MTC is different from current communication models as it involves new or different market scenarios. Potentially it involves very large number of communicating entities (MTC devices) with little traffic per device. Examples of such applications include: fleet management, smart metering, home automation, e-health, etc. Many different MTC devices may operate in the same location using a variety of radio access technologies on many different radio frequencies.
Studies of MTC have indicated great potential for such communications over mobile networks. The ubiquitous coverage of mobile networks is one main enabler.
However, to fully support these service requirements, it is necessary to improve efficiency in radio access networks to handle machine-type communications. Efforts have already been made in this direction, and the 3GPP Technical Report TR 23.888 “System Improvements for Machine-Type Communications”, hereby incorporated by reference, summarises an agreed architectural baseline for MTC services provided by a 3GPP wireless communication system.
An important consideration in improving efficiency is the use of multiple radio frequency bands in the most efficient way to handle both short range local communications links and wide area links via cellular networks.

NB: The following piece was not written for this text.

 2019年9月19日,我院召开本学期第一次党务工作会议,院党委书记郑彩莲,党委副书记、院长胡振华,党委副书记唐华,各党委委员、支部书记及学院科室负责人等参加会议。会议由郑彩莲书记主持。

As the number of devices in a given geographical area increases, the problem of radio interference between devices will increase. Typically, in one geographical area there will be many devices using radio communication information both on short range (<100 m) links and using cellular wide area networks (typically >100 m).
Typical scenarios where the number of devices will be seen to be increasing includes “smart cities” where many devices are deployed in the environment for transportation, environmental monitoring, etc. using both short range and long range communications networks.

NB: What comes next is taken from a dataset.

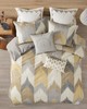 | Ink+ivy Full/Queen 1 Comforter: 88"W x 92"L 2 Standard Shams: 20"W x 26"L (2) Comforter/Sham: 200TC cotton, printed, 200TC solid cotton reverse, 250gsm polyester filling Mid-Century Style Includes 3 Piece(s) MACHINE WASH COLD, GENTLE CYCLE, AND SEPARATELY. DO NOT BLEACH. TUMBLE DRY LOW, REMOVE PROMPTLY, DO NOT IRON. IF THERE IS NO FREE MOVEMENT IN THE WASHER OR DRYER, USE LARGE CAPACITY COMMERCIAL WASHER/DRYER. Elevate the beauty and style of your bedroom with the INK+IVY Alpine Comforter Mini Set. This cotton comforter set flaunts a sophisticated ikat chevron print on the face with a solid reverse to create a striking modern and elegant look. The 2 matching shams coordinate with the design of the cotton comforter to complete this dynamic bedding set. This comforter set is OEKO-TEX certified, meaning it does not contain any harmful substances or chemicals, and uses an antimicrobial treatment that provides built-in freshness protection, reducing the growth of odor causing bacteria to keep fabric lasting longer. Euro shams and decorative pillows are sold separately. |

Another environment where many devices could be deployed in close proximity is in the home, where many devices use radio connections for the transfer of sensor data, health related data, personal information and general communications (WiFi and voice), etc. The expression “geographical area” is thus to be interpreted broadly. It could include, for example, a single house or office building.

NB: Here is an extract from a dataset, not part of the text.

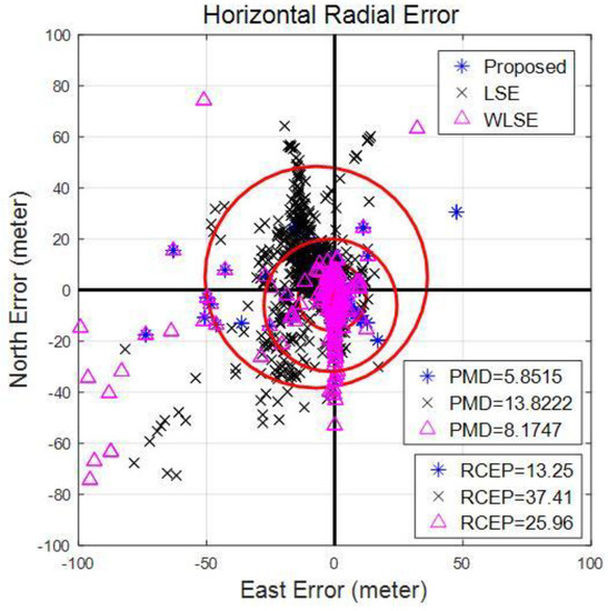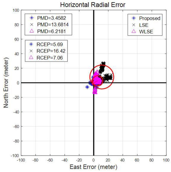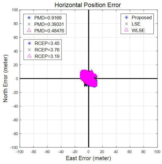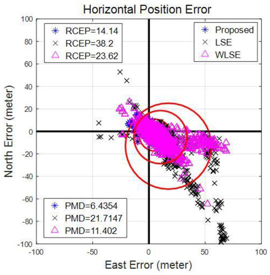 Horizontal radial error for open sky environment is shown in the Figure 4 in east and north error terms. There is a very little difference between RCEP of three models. However, PMD of the proposed scheme is larger than the other two schemes (except the difference is substantively small). The primary cause of better performance of LSE/WLSE is the presence of Gaussian white noise. As RCEP provides the 90% position error radius, results indicate that WLSE and the proposed schemes are more robust although the mean position error distance of LSE is smaller. Two additional simulations are also created by modifying the noise characteristics of observations.

There are several different scenarios where interference mitigation would be beneficial including:                (i) Interference between devices operating on the same band (e.g. the ISM band at 2.4 GHz) with either:                    the same radio access technology; or            different radio access technologies                        (ii) Interference between devices operating in different frequency bands (but still causing mutual interference caused by receiver and/or transmitter non-linearity).        
The management of interference can generally take two forms:                (a) Passive interference management: this is where one device monitors for interference and operates in a way to avoid any potential problems.        (b) Active interference management: where one device can communicate to other devices information relating to interference, which can be used by other devices to avoid potential problems.        
However, such management is generally confined to a single radio access network (RAN) as explained below. In the above-mentioned scenarios, there is a need to improve existing interference and co-existence schemes to avoid potential conflicts across diverse systems.